*Your assignment:* Write out, word for word and with no pictures, each line below from the one containing "DS-1276ZJ-SUS Corner Mount" through the one containing "Senior campers socializing", both included, and no other line.
********************
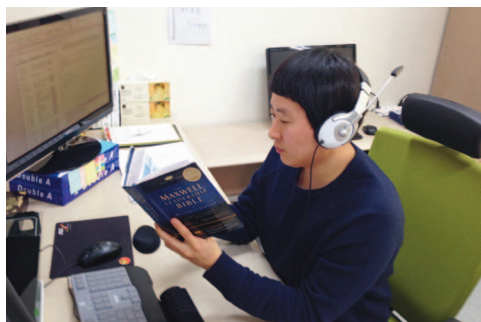
CLAP members can learn English while memorizing Bible verses through Scripture songs
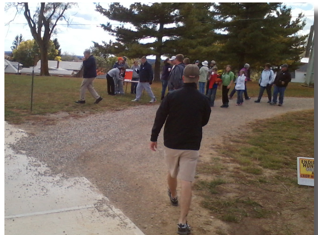
Bethelites and other participants enjoy the CROP Walk

We are grateful to all who supported the walk this year, both in participation and sponsorship and are pleased to report that we raised a total of $1300.00 for the cause!
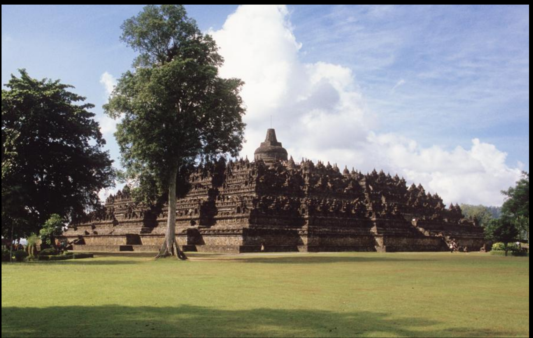
03 Borobudur Stupa, 8th-9th century AD, Java, Indonesia.
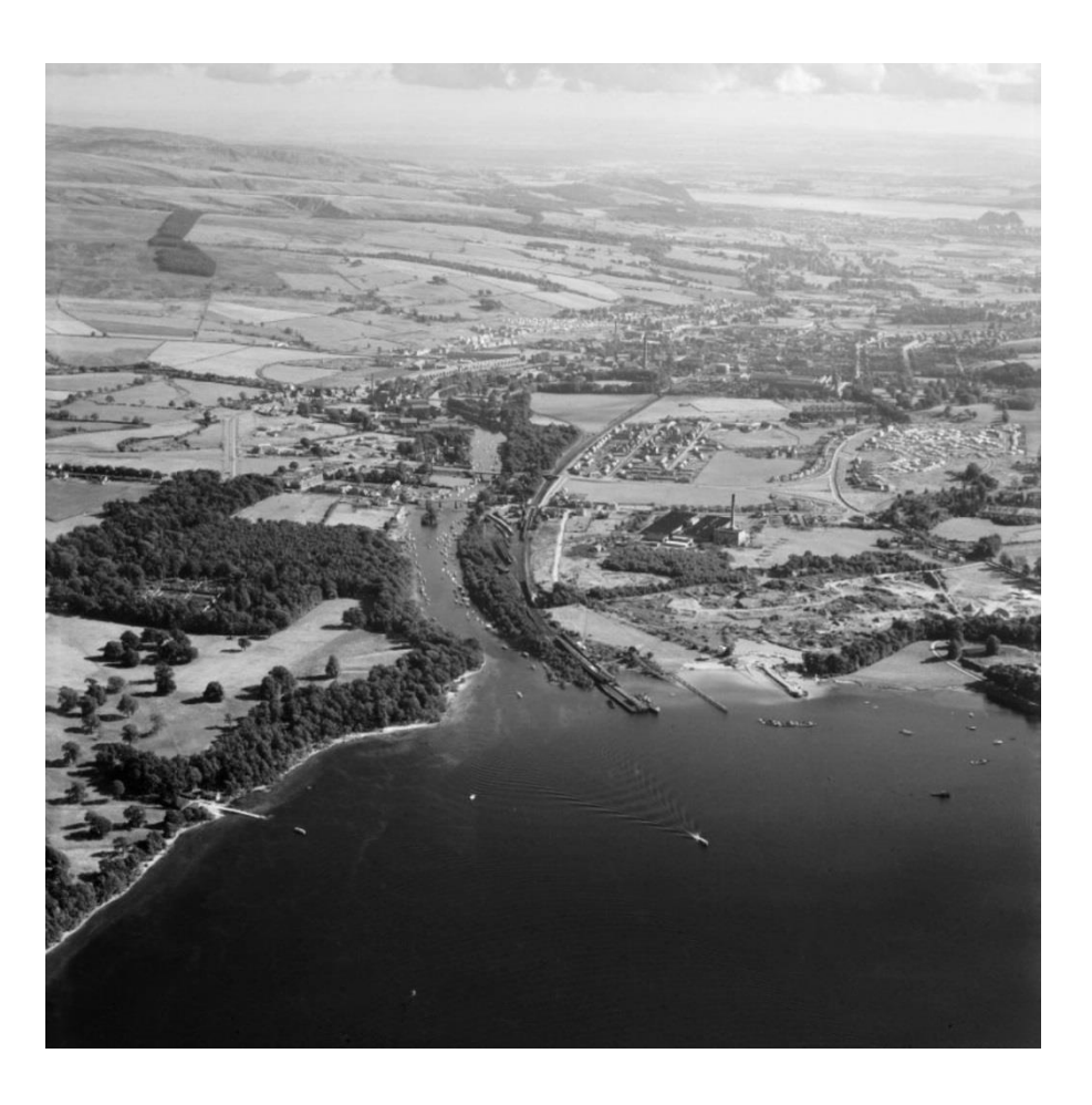
Figure 2: Balloch 1949 – taken from applicants' website (https://www.iconicleisuredevelopments.co.uk/index.php/photo-gallery/)
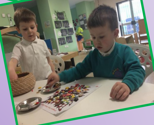
Year 3 Year 3 have been working hard in maths and PSHE.
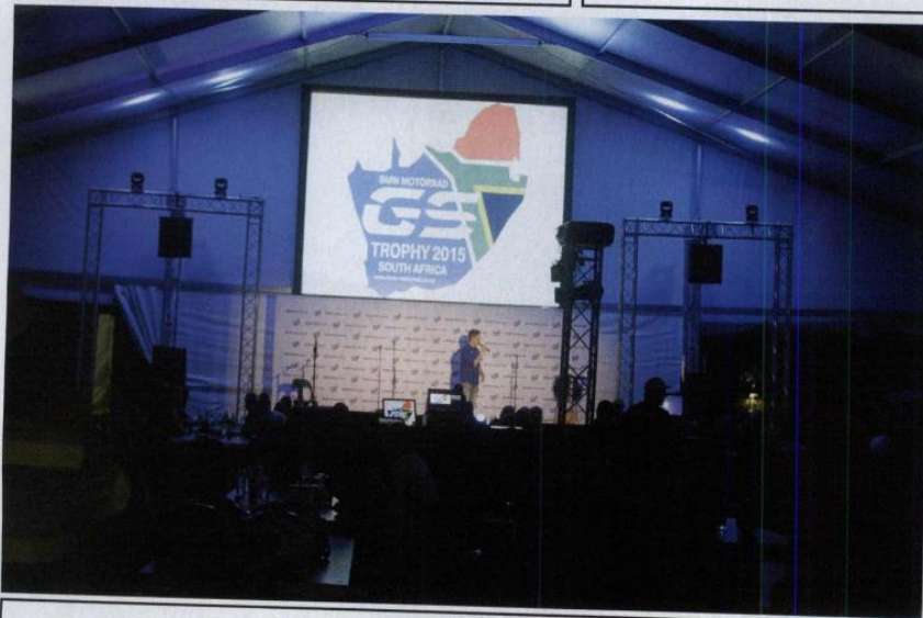
The Saturday awards Ceremony
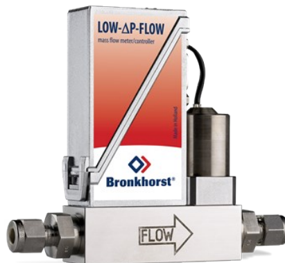
LOW- \Delta P-FLOW F-201EV

Min. flow 0,42...21 mln/min Max. flow 0,042...2,1 ln/min Druk tot 10 bar Zeer lage drukval Geschikt voor corrosieve gassen
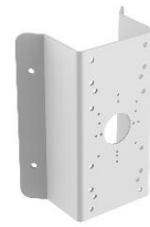
DS-1276ZJ-SUS Corner Mount
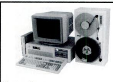
Simply exchange data files on a reel of 9-track tape.

tems bring full ANSI data interchange to IBM PCs or Macintosh, giving your micro the freedom to exchange data files with nearly any mainframe or minicomputer in the world. Available in both 7" and 10-1/2" versions, compact
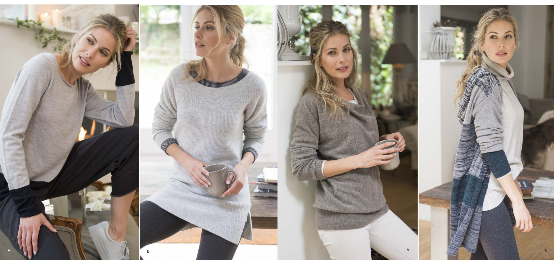
A. Fine Knit Merino Crew-neck £70B. Yoke Detail Tunic £92, worn with Fine Knit Merino Crew-neck £70, Merino Lounge Pants £72
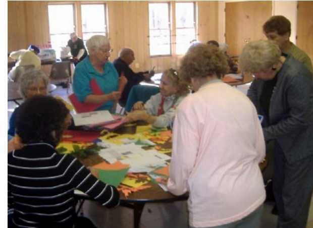
Senior campers socializing and designing an arts-and-crafts project.

responsible social expression, self-esteem, physical health, mental well-being and other sustainable life skills through a holistic approach and diverse programming. The seniors are able to focus on health, wellness, and socialization – as they engage in healthy and enjoyable activities. Kiddie Keep Well Camp also provides weekend programming year-round for all youth and seniors. The camp serves over 600 campers annually.
********************
*Answer section:*
DS-1276ZJ-SUS Corner Mount
Simply exchange data files on a reel of 9-track tape.

tems bring full ANSI data interchange to IBM PCs or Macintosh, giving your micro the freedom to exchange data files with nearly any mainframe or minicomputer in the world. Available in both 7" and 10-1/2" versions, compact
A. Fine Knit Merino Crew-neck £70B. Yoke Detail Tunic £92, worn with Fine Knit Merino Crew-neck £70, Merino Lounge Pants £72
Senior campers socializing and designing an arts-and-crafts project.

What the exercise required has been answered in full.